A finite sum involving the binomial coefficients and the harmonic numbers
Wikipedia has a proof of the identity $$ H_{n} =\sum_{k=1}^{n} (-1)^{k-1} \binom{n}{k} \frac{1}{k}$$
http://en.wikipedia.org/wiki/Harmonic_number#Calculation
Curiously, there is also the identity
$$ \frac{1}{n} = \sum_{k=1}^{n} (-1)^{k-1} \binom{n}{k} H_{k} $$
Can the second identity be derived from the first one?
This is a consequence of binomial inversion.

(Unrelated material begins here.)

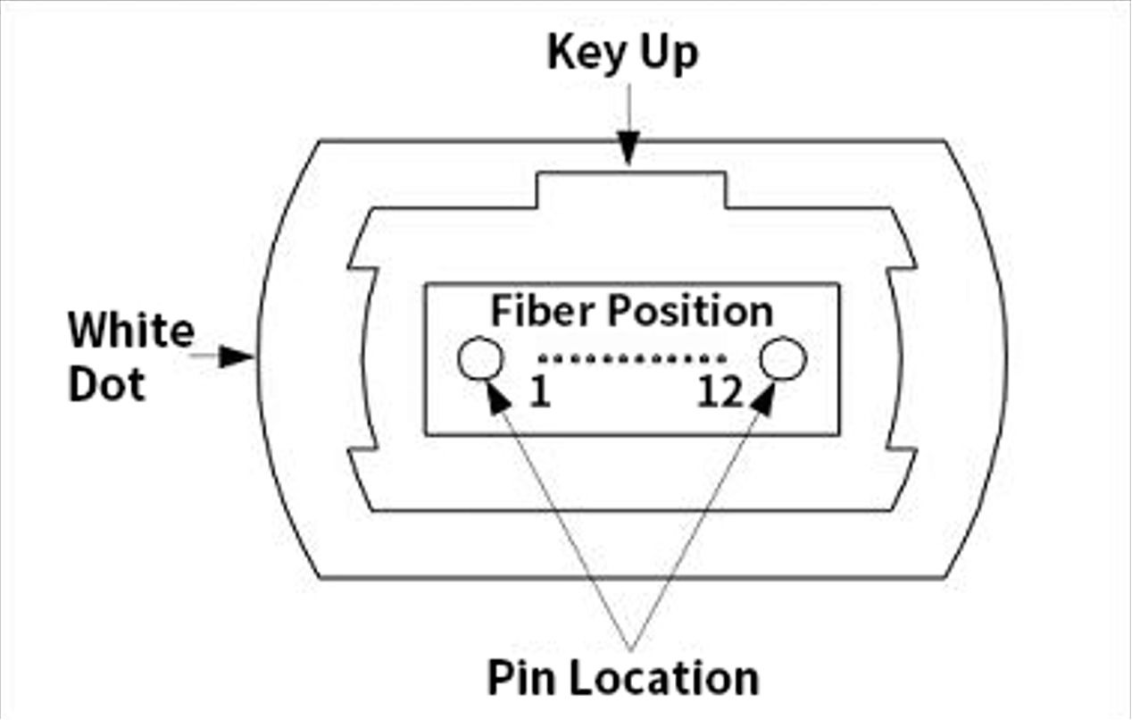 In MPO-12 cables, there are 12 fibres in a single row. The plastic connector housing has an alignment “key” centred on the top (see images below). On an MPO-16 cable, to prevent you from plugging this into a 12-fibre port (or vice-versa), the alignment key is offset to one side.

In general, if $f_{n}$ and $g_{n}$ are sequences such that $$f_{n} = \sum_{k=0}^{n}g_{k}{n \choose k}$$
then
$$g_{n} = \sum_{k=0}^{n}(-1)^{n+k}f_{k}{n\choose k}$$
Here I take sequences to be functions from $\mathbb{N} \rightarrow \mathbb{R}$ where I am using the convention that the natural numbers start at $0$.
The second of your identities can be proved from the first using binomial inversion by taking $$f_n = \left\{ \begin{array}{lr} 0 & : n = 0\\ H_{n} & : n > 0 \end{array} \right. $$ and $$g_n = \left\{ \begin{array}{lr} 0 & : n = 0\\ (-1)^{n-1}\frac{1}{n} & : n > 0 \end{array} \right. $$
Several proofs of binomial inversion are given in the answer I linked to.